Rock-Solid Application Monitoring with Acceptance Tests

This post introduces the concept of acceptance tests and how they can be used to catch production issues as soon as they appear. It defines what exactly acceptance tests are in this context, how they fit into application monitoring and how to get started.

What are Acceptance Tests? #

Definition #

The common definition of an acceptance test in software is that of a test that is performed to determine if a set of requirements are fulfilled. Such tests are often conducted manually and only before delivering an application to a customer (i.e., these tests are used for the customer to decide whether or not to “accept” the product).

For the purposes of this post however, we define acceptance tests as automated programs that are run at regular intervals to make sure core business functionality of an application is working at all times. I.e., such tests are run before and after an application is delivered to a customer.

Core Characteristics #

The core characteristics of acceptance tests are:

Interface: Acceptance tests interact with the actual production environment, often through the same APIs that real clients are using.
Deployment: Acceptance tests should be deployed separately from the main infrastructure to ensure isolation in the case of failures.
Development: Acceptance tests for a particular feature are usually written by the engineers responsible for that feature during the development process.
Handling Failure: If an acceptance test fails, this usually means that a core business functionality is not working as expected and thus this should be treated as a high-priority incident, and should be investigated immediately.

Each of these topics will be explored in more depth later in this post. At the end, I will give some suggestions on how to get started with acceptance tests.

Case Study: An Example Acceptance Test #

To illustrate the idea of acceptance test, consider the following example acceptance test I have recently built for a customer as part of my freelance work:

This company operates an IoT application with hundreds of devices sending sensor data to an event processing platform every few seconds. There are several consumers of these events, one of which takes the sensor data and writes it into a time series database for further analysis. In the past, this consumer has had some problems, causing sensor data to not be written into the database as specified. Since the contents of the time series database were checked only manually from time to time, often no one noticed the failing consumer for days, causing data to be irrevocably lost.
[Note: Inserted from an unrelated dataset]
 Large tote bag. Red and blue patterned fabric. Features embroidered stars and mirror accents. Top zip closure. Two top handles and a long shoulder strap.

In addition to fixing the problems with the event consumer, I made sure such issues no longer stay undetected. To that end, I developed an acceptance test that verifies this entire pipeline from start (sending sensor data) to finish (finding the sensor data in the time series database). If some component of the pipeline fails, this test will detect that and alert us.

Concretely, the acceptance test creates a virtual device and sends a few mock events containing random but well-known sensor data points, in exactly the same way as an actual IoT device does. It then probes the time series database with a linear back-off to look for the specific data points it has sent until it has either found them (in which case the test succeeds) or a timeout has been reached (in which case the test fails). The timeout value (e.g., 20 seconds) has been carefully chosen using historical metrics of device-to-database latencies.
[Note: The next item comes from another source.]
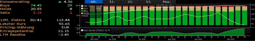 Auch von Seiten der Analysten gab es keine klaren positiven Signale. Die generelle Einschätzung blieb gleich, auch wenn der ein oder andere etwas am Kursziel schraubte. Der Konsens blieb dabei beinahe unverändert: 29 Analysten sagen weiterhin „Kaufen“. Das Kursziel von 113,44 Euro liegt dabei deutlich über dem aktuellen Kurs.

This test runs every 30 minutes and immediately sends alerts if it fails. Whenever some component of this IoT event processing pipeline is failing, the acceptance test will detect this within 30 minutes, which will allow us to investigate and resolve the issue. There has been no loss of data since deploying the acceptance test.

Acceptance Tests for Application Monitoring #

Application monitoring entails many facets, including the aggregated collection of logs and the collection and analysis of instance and application-specific metrics (e.g., CPU utilization of various instances, task queue lengths, event ages at processing time, etc.). I consider acceptance tests as a separate concept that can provide a type of monitoring that the other solutions cannot.
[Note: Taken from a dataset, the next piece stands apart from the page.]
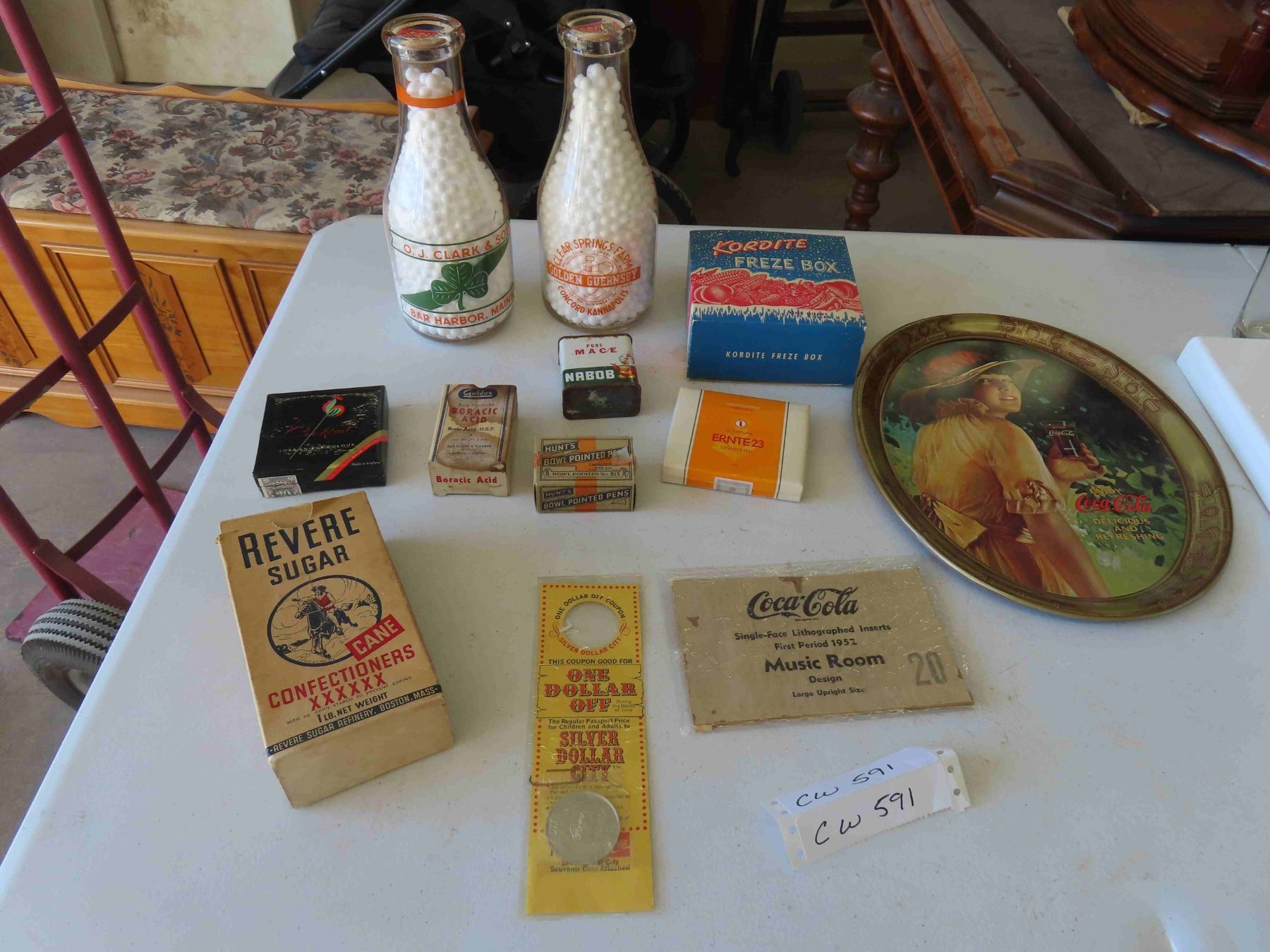 Vintage Products with Advertising : Revere Sugar , Kordite Freeze Box , Nabob , OJ Clark & Sons Milk Bottle , Golden Guernsey Milk Bottle , Coca Cola Tray , Plus

Log aggregation and metric collection along with anomaly detection and alerting are often available as standardized services that can be used in a wide variety of applications (e.g., DataDog or Elastic have offerings in this segment). Acceptance tests on the other hand are custom-made, application-specific and business-logic-sensitive programs that are built by the same engineers that build the application itself. This allows them to not only document what is going on with the application and infrastructure (collecting logs and metrics) and “guess” when something is failing (anomaly detection and alerting rules based on metrics), but to actually check whether an application is doing what it should or not.

One could say that metrics and logs observe the visible symptoms of an application and make guesses about its health, while acceptance tests actually do a bottom-line fitness test to determine an application’s health.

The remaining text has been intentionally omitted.